• Task requirements: What is needed is an exact repetition of the lines below, from the first one through the one holding "Ο επιτραπέζιος υπολογιστής", with no pictures and nothing else.

• Information provided:
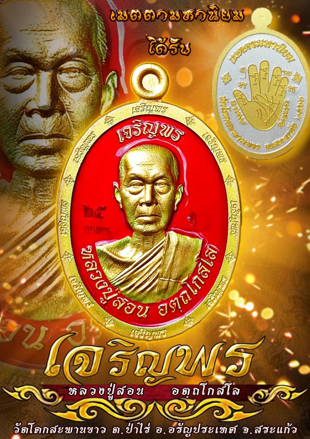 เรียกได้ว่าพลังแห่งบุญ พลังแห่งความศรัทธา จึงทำให้ญาติโยมมากันล้นวัดเลยทีเดียว สำหรับพิธีพุทธาภิเษก ปลุกเสกเหรียญเจริญพร รุ่นแรก โดย หลวงปู่สอน อัตถโกสโล วัดโคกสะพานขาว อ.อรัญประเทศ จ.สระแก้ว ซึ่งภายในพิธีมีพระเกจิคณาจารย์ร่วมนั่งปรก อธิฐานจิตมากมาย พร้อมทั้งเปิดให้ผู้ที่มีจิตศรัทธาและลูกศิษย์ลูกหาได้ร่วมเช่าบูชา อีกทั้งยันต์เรียกทรัพย์ ฝ่ามือเมตตามหานิยมเรียกทรัพย์จับเงินล้าน โดยคำที่หลวงปู่สอนท่านให้ท่องเอาไว้คือคำว่า “ได้รับ ได้รับ ได้รับ” มีความหมายว่าให้ได้รับแต่สิ่งที่ดี ๆ ตลอดเวลา ซึ่งงานนี้มีคุณโก้ ทีมงานเจริญพร คุณกิ๊ฟ คุณชัยวัฒน์ และบรรดาคณะศิษย์จัดถวาย
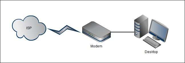 Ο επιτραπέζιος υπολογιστής σας συνδέεται απευθείας με το μόντεμ το οποίο με τη σειρά του συνδέεται απευθείας με τον ISP και το ευρύτερο Διαδίκτυο. Από την άποψη της συνδεσιμότητας, δεν υπάρχει τίποτα λάθος με αυτό το σχέδιο. Η σύνδεσή σας στο διαδίκτυο θα λειτουργήσει καλά, θα μπορείτε να περιηγηθείτε στον ιστό, να παίξετε παιχνίδια στο διαδίκτυο κ.λπ. Ωστόσο, από άποψη ασφάλειας, αυτή η ρύθμιση είναι τρομερή. Το καλωδιακό μόντεμ δεν είναι συσκευή ασφαλείας, αλλά συσκευή μεταφοράς δεδομένων.
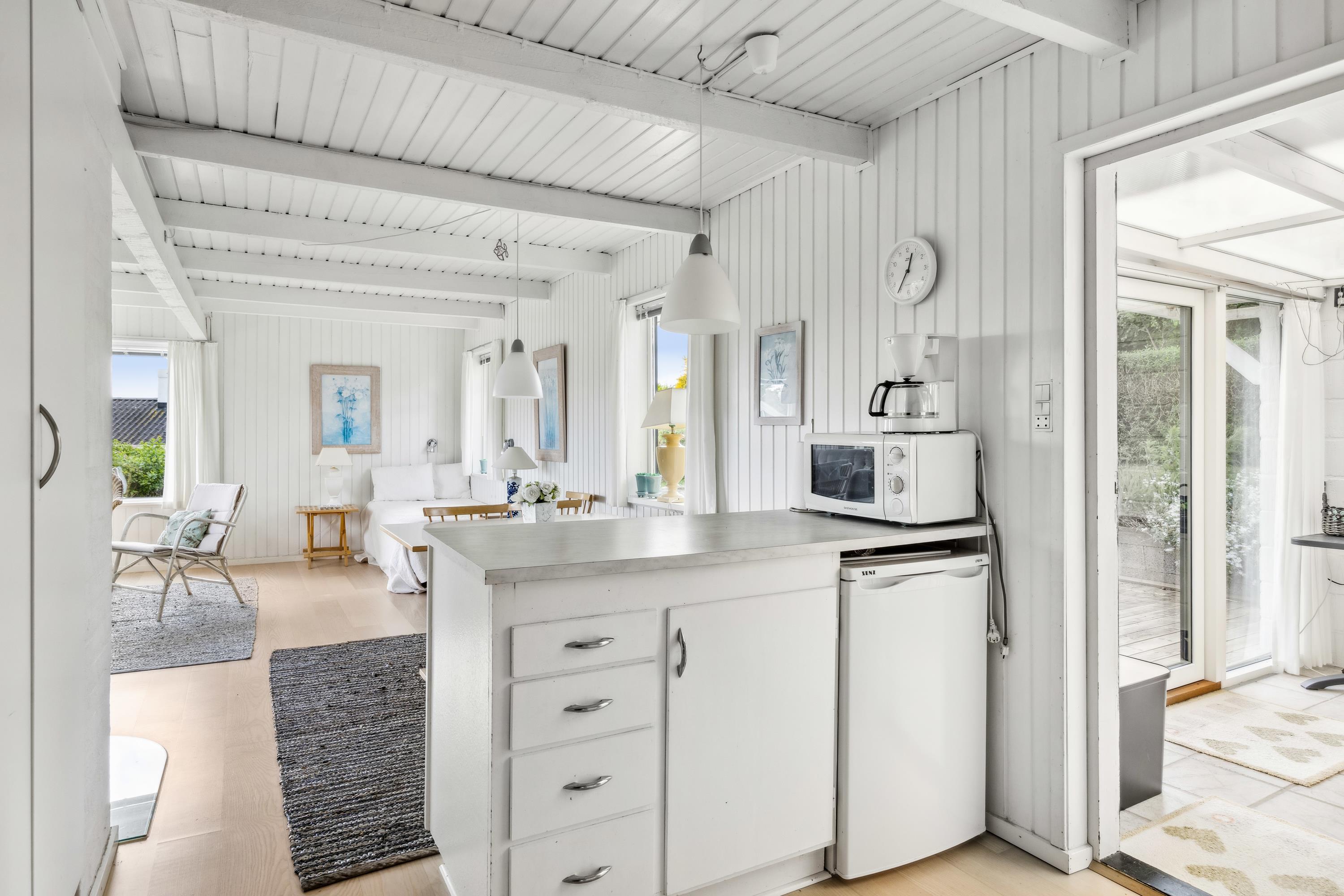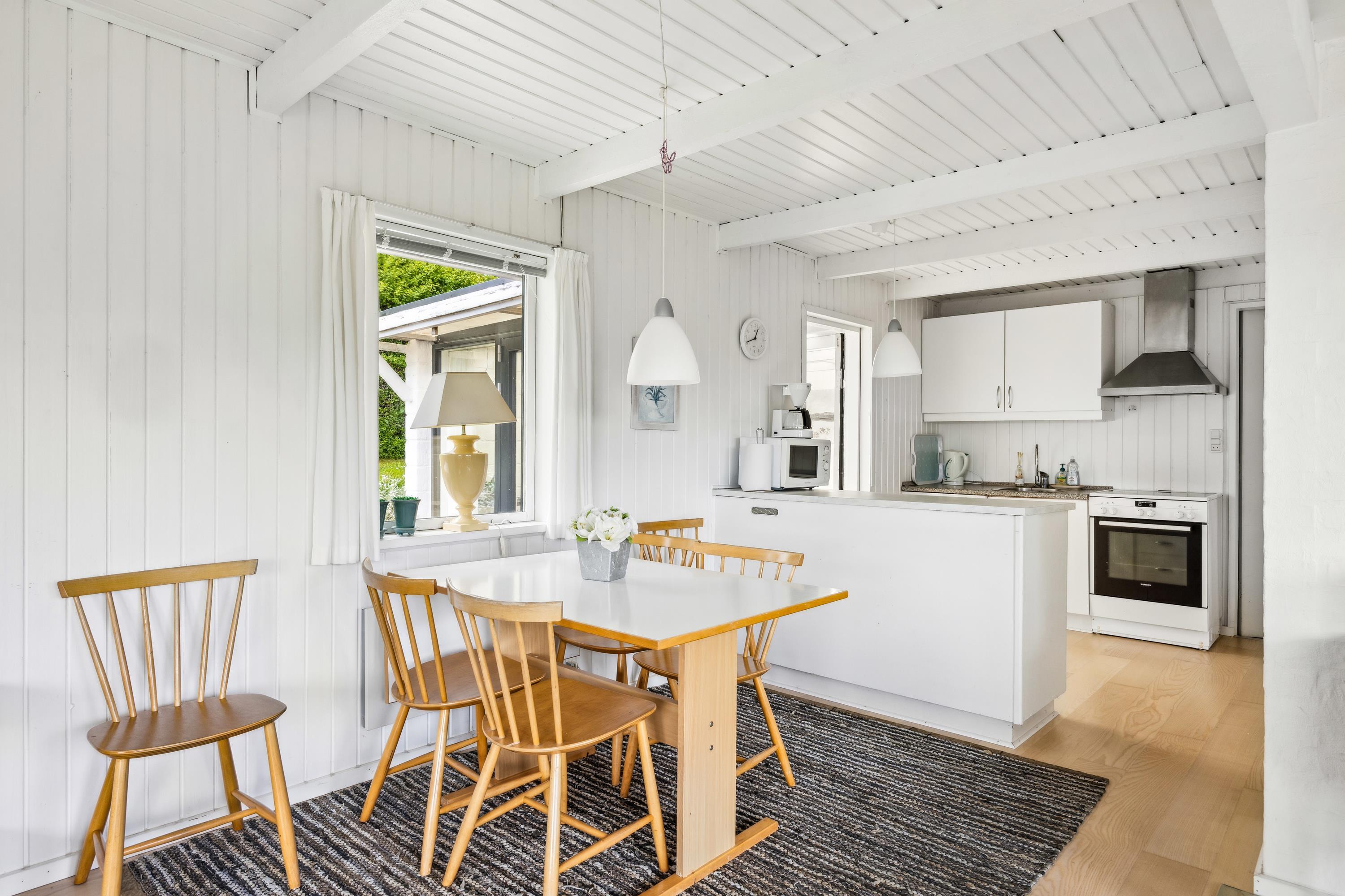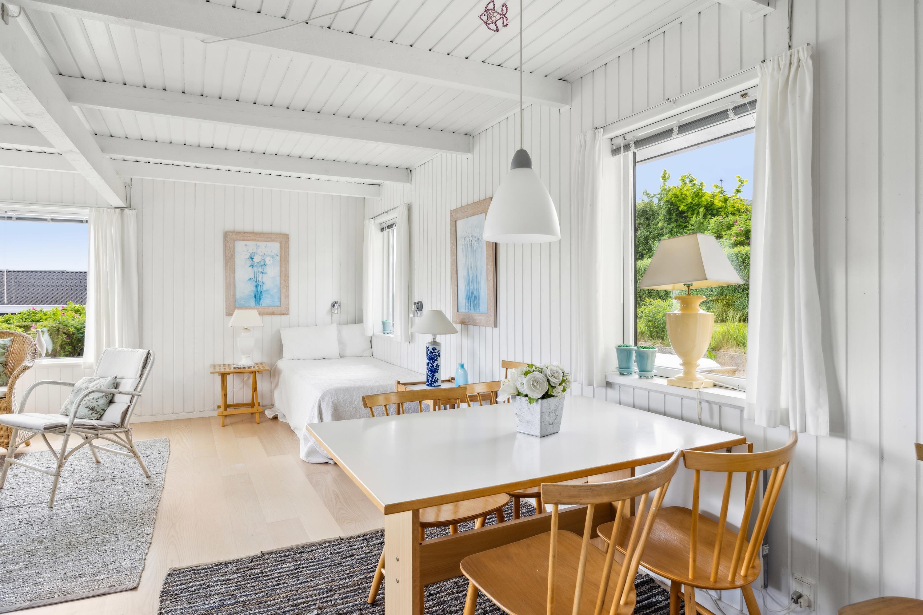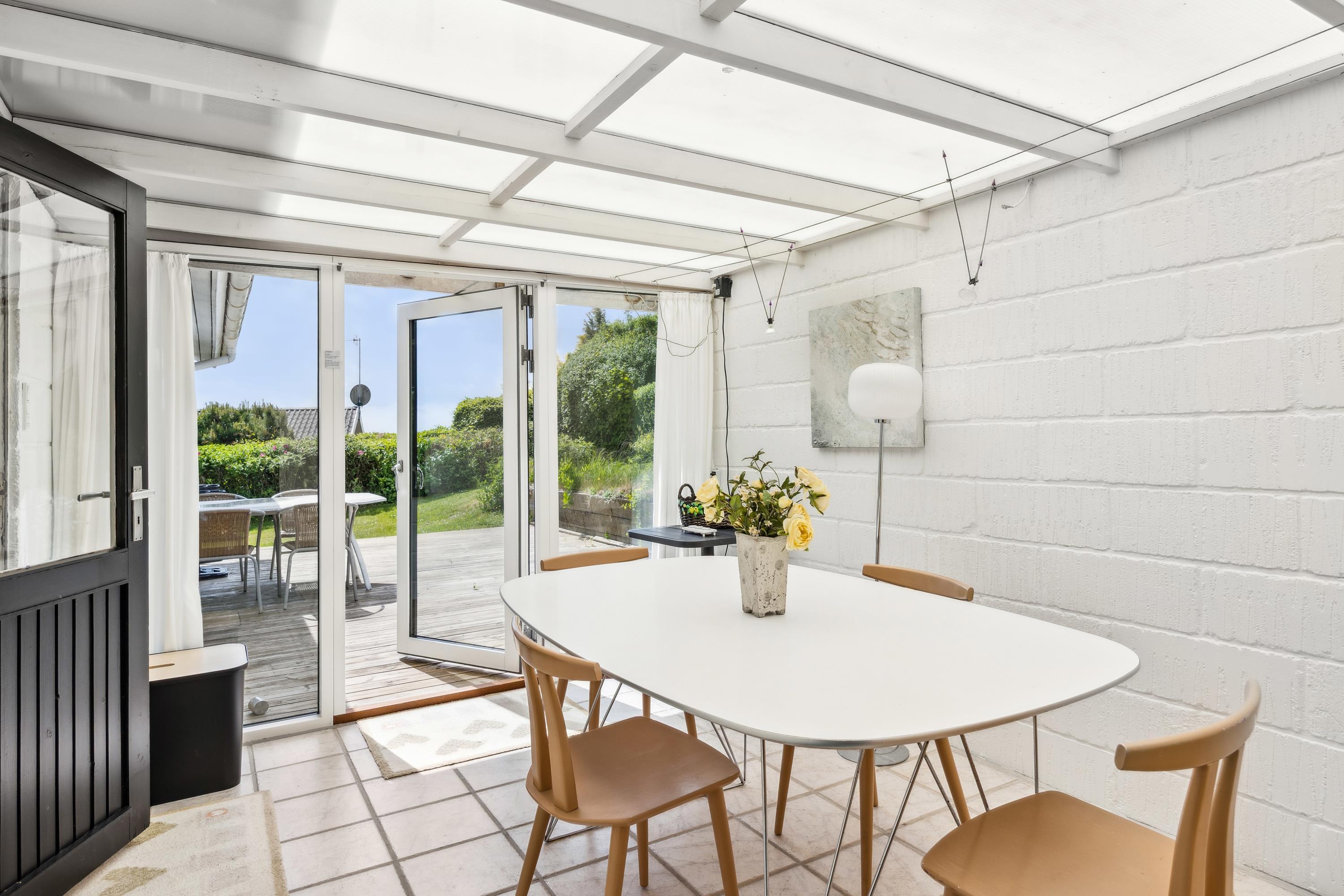 Ikke langt fra Ebeltoft finder man dette ældre, men velholdte hus. Huset er beliggende på en stor og velplejet grund, hvorfra der er kig til vandet. Her finder man en lys stue med brændeovn og med udgang til en dejlig terrasse med havemøbler og grill. Mindre men velfungerende køkkenafdeling med b.la.opvaskemaskine og mikrobølgeovn. Husets sovepladser fordeler sig i to hyggelige værelser, begge med to enkeltsenge. Derudover er der en god udestue med spiseplads. Badeværelse med bruseniche og gulvvarme. Internet kan lejes på vores kontor.

• Response area:
 เรียกได้ว่าพลังแห่งบุญ พลังแห่งความศรัทธา จึงทำให้ญาติโยมมากันล้นวัดเลยทีเดียว สำหรับพิธีพุทธาภิเษก ปลุกเสกเหรียญเจริญพร รุ่นแรก โดย หลวงปู่สอน อัตถโกสโล วัดโคกสะพานขาว อ.อรัญประเทศ จ.สระแก้ว ซึ่งภายในพิธีมีพระเกจิคณาจารย์ร่วมนั่งปรก อธิฐานจิตมากมาย พร้อมทั้งเปิดให้ผู้ที่มีจิตศรัทธาและลูกศิษย์ลูกหาได้ร่วมเช่าบูชา อีกทั้งยันต์เรียกทรัพย์ ฝ่ามือเมตตามหานิยมเรียกทรัพย์จับเงินล้าน โดยคำที่หลวงปู่สอนท่านให้ท่องเอาไว้คือคำว่า “ได้รับ ได้รับ ได้รับ” มีความหมายว่าให้ได้รับแต่สิ่งที่ดี ๆ ตลอดเวลา ซึ่งงานนี้มีคุณโก้ ทีมงานเจริญพร คุณกิ๊ฟ คุณชัยวัฒน์ และบรรดาคณะศิษย์จัดถวาย
 Ο επιτραπέζιος υπολογιστής σας συνδέεται απευθείας με το μόντεμ το οποίο με τη σειρά του συνδέεται απευθείας με τον ISP και το ευρύτερο Διαδίκτυο. Από την άποψη της συνδεσιμότητας, δεν υπάρχει τίποτα λάθος με αυτό το σχέδιο. Η σύνδεσή σας στο διαδίκτυο θα λειτουργήσει καλά, θα μπορείτε να περιηγηθείτε στον ιστό, να παίξετε παιχνίδια στο διαδίκτυο κ.λπ. Ωστόσο, από άποψη ασφάλειας, αυτή η ρύθμιση είναι τρομερή. Το καλωδιακό μόντεμ δεν είναι συσκευή ασφαλείας, αλλά συσκευή μεταφοράς δεδομένων.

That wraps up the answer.